Table of Contents
Abstract
Between (2,3) and (2,4), does the Difference Principle (DP) select the first one, the second one, or is it indifferent? That last interpretation is confirmed by Rawls’s use of the curve of the perfectly complementary goods. It admits curves of indifference. Once the worst off is maximized, one is indifferent between all the corresponding states. Leximin selects the second state: it iterates the Maximin on the “last” worst off. Sure, Leximin prefers (2, 10) to (2,3), and there is an intuitive point according which it is unjust that only the richest win anything; it cannot be called a “just” improvement, even if is a Pareto-improvement.
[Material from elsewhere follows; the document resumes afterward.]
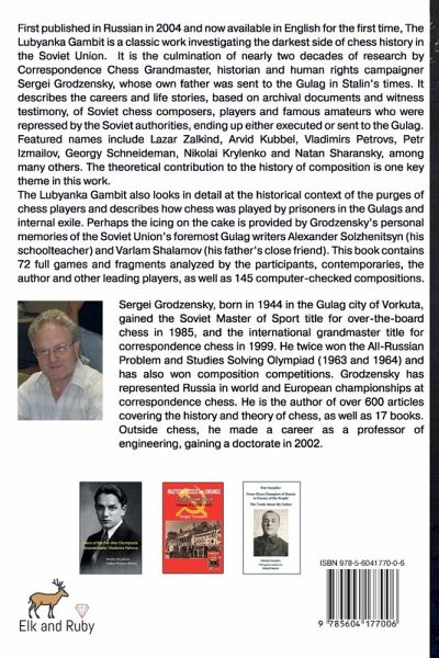 First published in Russian in 2004 and now available in English for the first time, The Lubyanka Gambit is a classic work investigating the darkest side of chess history in the Soviet Union. It is the culmination of nearly two decades of research by Correspondence Chess Grandmaster, historian and human rights campaigner Sergei Grodzensky, whose own father was sent to the Gulag in Stalin's times. It describes the careers and life stories, based on archival documents and witness testimony, of Soviet chess composers, players and famous amateurs who were repressed by the Soviet authorities, ending up either executed or sent to the Gulag. Featured names include Lazar Zalkind, Arvid Kubbel, Vladimirs Petrovs, Petr Izmailov, Georgy Schneideman, Nikolai Krylenko and Natan Sharansky, among many others. The theoretical contribution to the history of composition is one key theme in this work. The Lubyanka Gambit also looks in detail at the historical context of the purges of chess players and describes how chess was played by prisoners in the Gulags and internal exile. Perhaps the icing on the cake is provided by Grodzensky's personal memories of the Soviet Union's foremost Gulag writers Alexander Solzhenitsyn (his schoolteacher) and Varlam Shalamov (his father's close friend). This book contains 72 full games and fragments analyzed by the participants, contemporaries, the author and other leading players, as well as 145 computer-checked compositions. Check out the publisher's website for special deals on this and other books!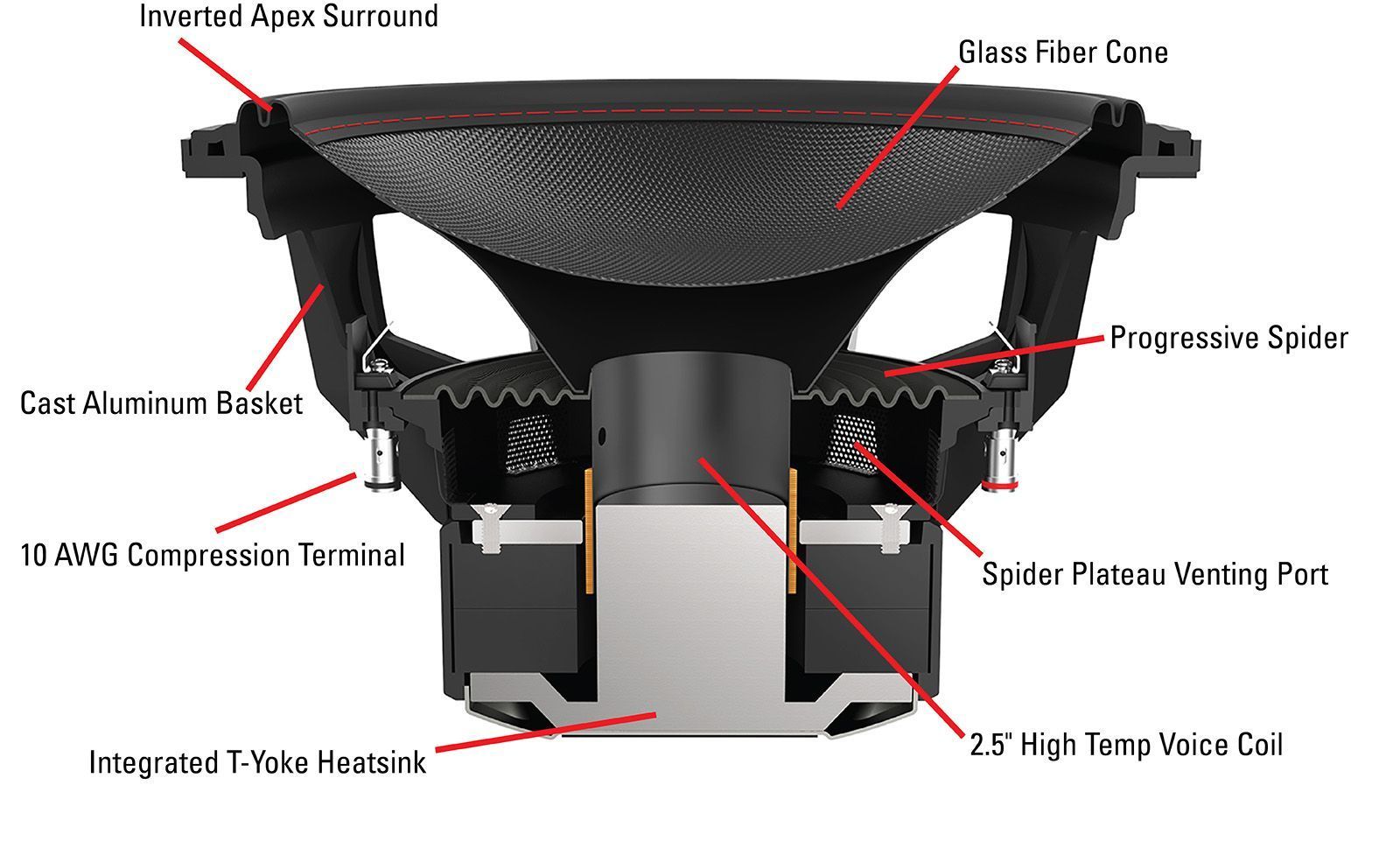 - Progressive Suspension: Controls Excursion at High Power Reducing Distortion Resulting in Better Sound Quality

In a co-operation, the poorest would be a “sucker”. My proposal is that an improvement can be called “just” iff it improves the situation of all (strong Pareto-improvements). Rawls (1999 [1971], § 17) noticed that if it is possible to go from (2,3) to (2,4), it is “surely” possible to go from (2,3) to (2+n, 4-n’), an improvement implied by Maximin, which is only the lexically first rule of justice of DP, to which one adds the secondary rule “Minimize inequality”. The curves in L are the curves of Maximin: DP has no indifference curves. There is an absence of ambiguity in DP. We are unable to generalize its univocity. Our intuitions on justice amid intermediate classes are vague. A component of justice is the solidarity of all. Nobody should stay alone in the same situation while only the situation of others improves.